More stylish even, the Tamils of the Coromandel Coast move about with their slow pace… the long folds of their saris, the most elegant of dresses, draping them and giving the slimmest of them the appearance of the appearance of Tangara or of a Ming statuette, and giving the more blossoming ones a sovereign appearance… Their ebony hair gathered into a bun at the base of the neck, spiked with white jasmine and daisies, held by tortoise-shell combs set with precious stones, their long shimmering dress hemmed with dazzling gilding, jewelry that enhances their copper complexion… all this adorns them like idols, thousand year-old enigmas of fabulous India… that brightly mottles the cathedral steps on Pigneau-de-Béhaine square on Sunday at the end of mass.

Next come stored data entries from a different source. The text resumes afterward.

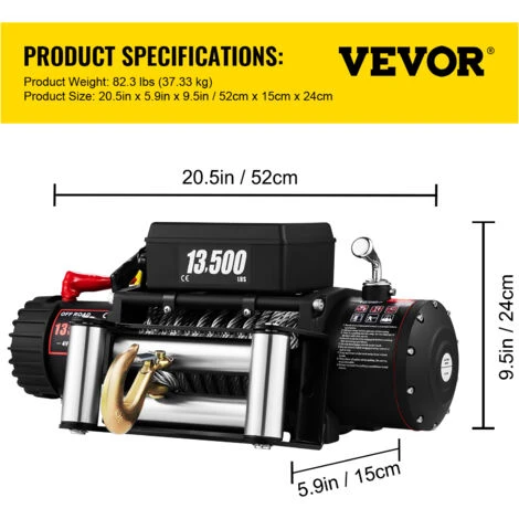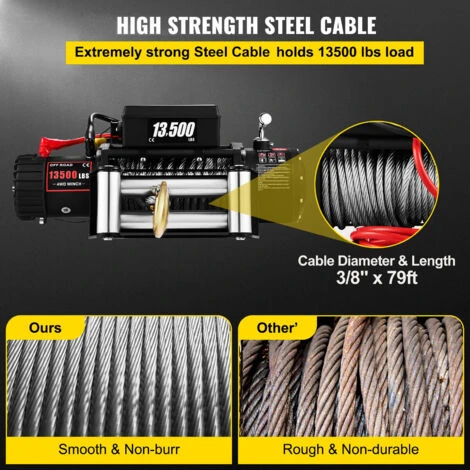 - Performance Exceptionnelle : Treuil Ă©lectrique, capacitĂ© de charge : 6123,5 kg ; puissance : 4,85 kW ; rapport d’engrenage : 265:1. Le puissant moteur est reliĂ© Ă un système d’engrenage planĂ©taire Ă 3 Ă©tages pour une plus grande puissance de traction et une vitesse plus rapide. Convient aux voitures, bateaux, camions, jeeps, vĂ©hicules modifiĂ©s et remorques utilitaires polyvalentes.
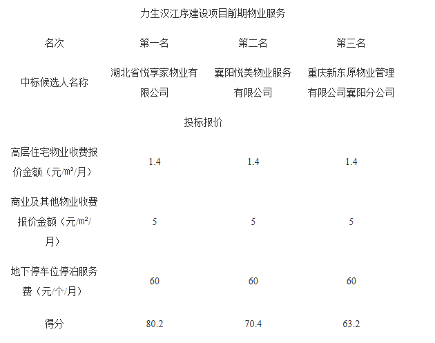 根据前期物业管理招标投标的有关法规、规章和该物业管理项目招标文件的规定,力生汉江序建设项目前期物业服务于2025年4月9日发出招标公告, 2025年4月30日9时30分在湖北省襄阳市樊城区新华路铁路大厦16楼会议室开标,并于2025年4月30日完成评标工作,现将开标结果公示如下:
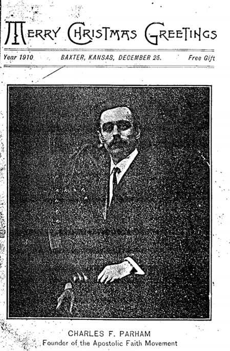 그래서 파함이 1909년에 그곳으로 이전했던 백스터 스프링스는 작지만 붐비던 곳이었다. 그는 그곳에서 그야말로 그 나라 전역을 다니는 전도여행들을 계획하고 재개했다. 그런데 파함의 영향력은 그의 여행들에만 한정된 것은 아니었다. 그는 그 타운에서 눈에 띄는 공인으로 남았다. 1910년에 시작하여 매해 6월 4일 그의 생일에는 수백 명의 그의 추종자들이 하루 온 종일의 종교 축제를 위해 중서부 전역에서 모여들었다. 게다가, 파함은 그의 인쇄기를 백스터로 가져왔다. 그는 1910년 12월에 성탄 특집을 발행함으로써 1907년 초의 시온시 캠페인 이래로 기능을 상실했던 『사도신앙』을 재편했다.
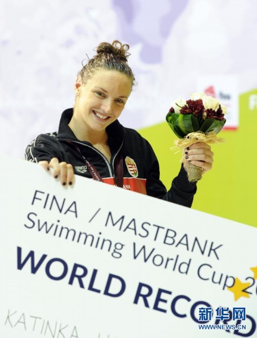 图为8月27日,匈牙利选手霍苏在颁奖台上。当日,在卡塔尔首都多哈进行的2014年国际泳联短池游泳世界杯系列赛多哈站女子200米混合泳决赛中,匈牙利选手霍苏以2分02秒61的成绩获得冠军,并创造了短池世界纪录和世界杯纪录。新华社发

In the photo on the left: Vietnamese women, so graceful in their elegance, rub elbows with our European beauties in a discreet note of exoticism. In the center photo: women there were more beautiful, elegant and youthful than in many other cities. In the photo on the right: In the mottled gold shadow moves a many-colored crowd, with fresh clothing, and peaceful looks.
A city of many faces where the light of each hour gives birth to a different smile, a moving city where the eyes of man reflect ever-changing horizons, a city that knows how to live with calm and exuberance. Saigon vibrates under the hot light of the tropics.
“What a country! What an inexhaustible source of lyricism!” said Francis de Crosset and his enthusiasm was in tune with that of American journalist Patrick Smith, who admitted:
“I have traveled in Japan, the Dutch East Indies, India, and Malaysia. I have not suffered; it took a stroll on the streets of Saigon to regain the sweet life, to spend a night in the Continental Hotel to have a square meal. I’ll write to you with joy, because Saigon had been described to me as a city of debauchery…”
Henceforth the capital of the young Vietnamese state, a new destiny opens up for Saigon. May it flourish full of hope according to the ardent wishes of all the French whose love and fervor gave birth to this “Pearl of the Orient” in the vast green delta.